By empowering students, Williams thinks the entire Middle School EdTech program will be strengthened, even expanded. “While I have a basic understanding of each software tool in their toolkit—I may not be an expert in all the finer intricacies of each of them. The kids, however, they live and breathe these new technologies. They become true experts—and they can also get their friends excited and engaged. By supporting their passions and empowering them as leaders, we increase the number of students that we can reach, the number of projects that we can support in the classroom.”
One of Williams’ priorities with the ETL is to ensure that its member composition reflects that of CA’s diverse student body. She hopes the club might spark interests in those students that might not typically consider themselves suited for STEM-related fields or those students, particularly girls, who often feel social pressure in Middle School to do things other than spend time on STEM activities.

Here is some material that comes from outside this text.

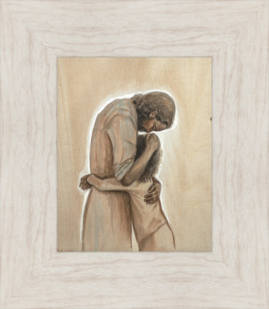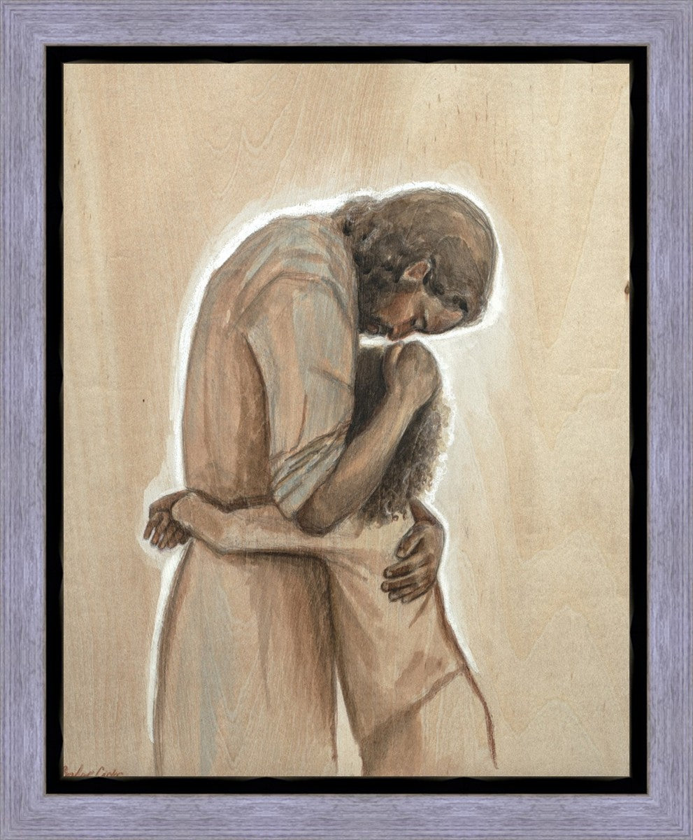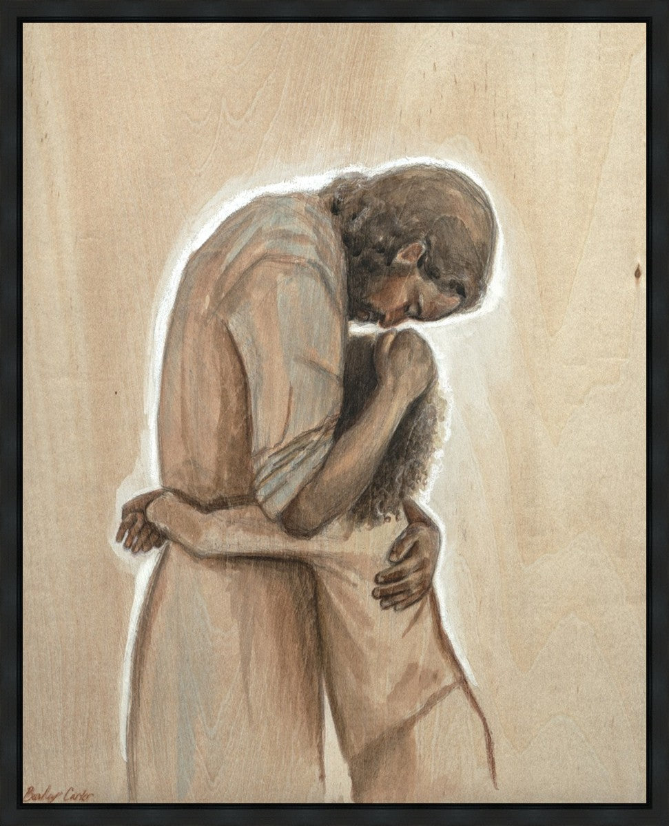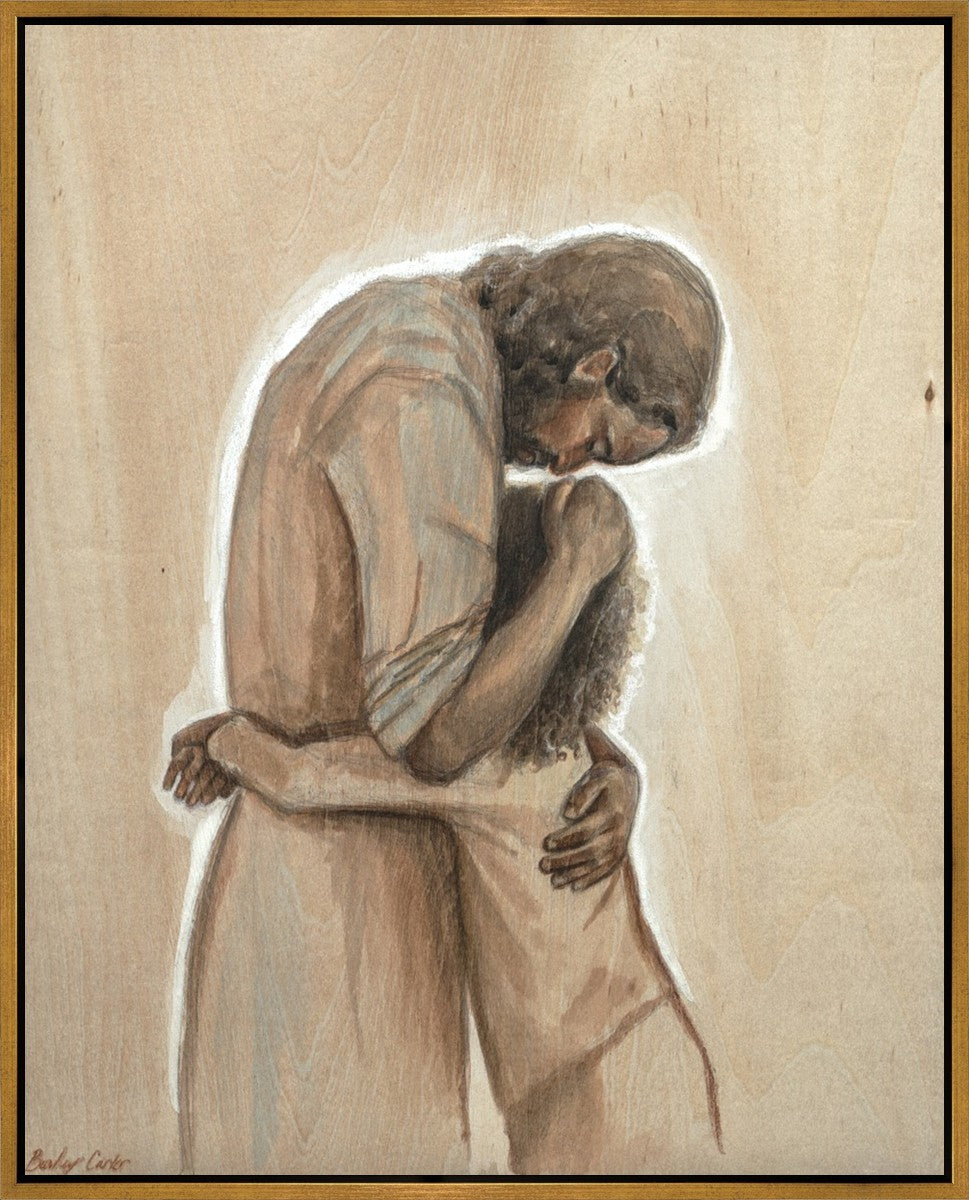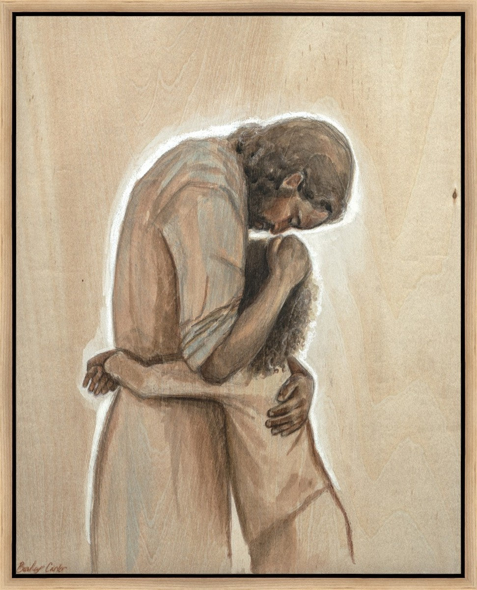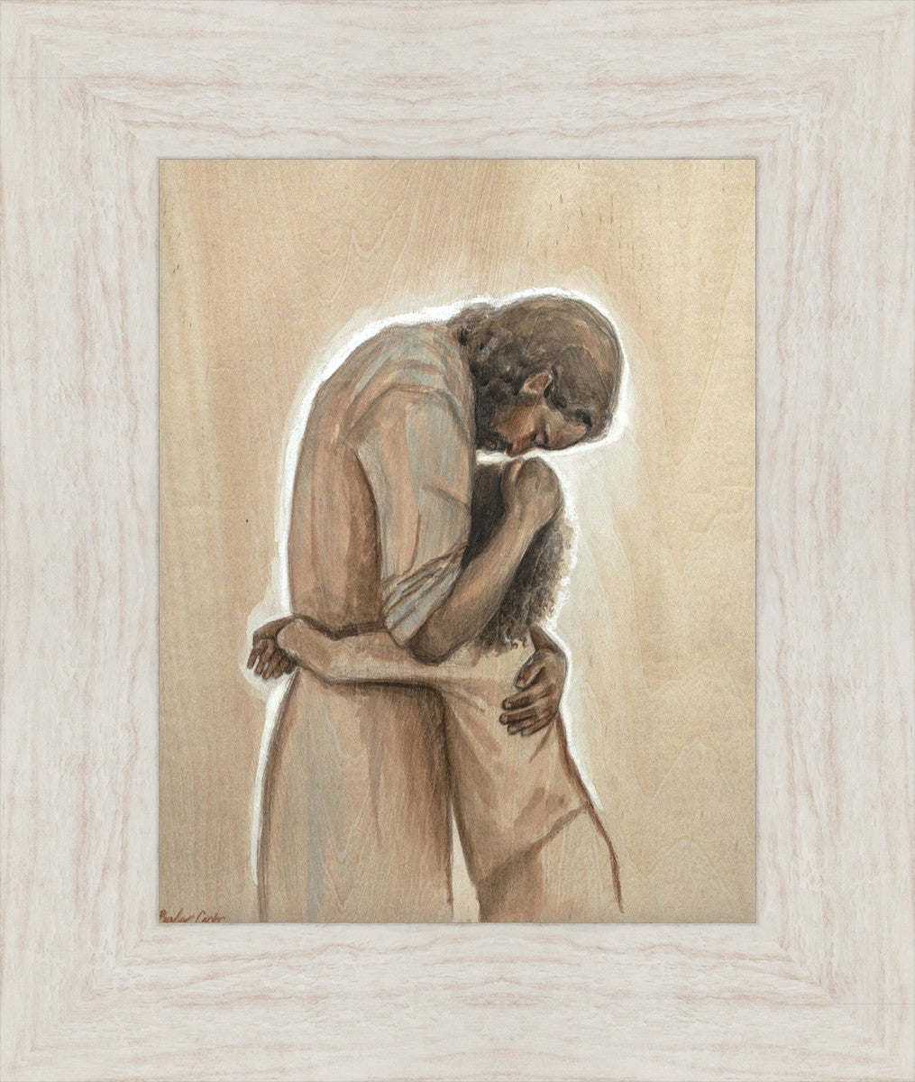 Drawn on wood, Hearts Home depicts the Savior embracing a young child.

At the end of the day, Williams’ goal with the ETL is to create savvy tech users—perhaps even tomorrow’s tech leaders—that are well-prepared to succeed in today’s technology-driven world. As she notes enthusiastically, “this sort of flexible learning gives those kids that might not otherwise have the opportunity in a more traditional setting, to step-up and thrive as leaders. It gives them meaningful opportunities to hone their leadership, technology, and communication skills to the benefit of our entire community.”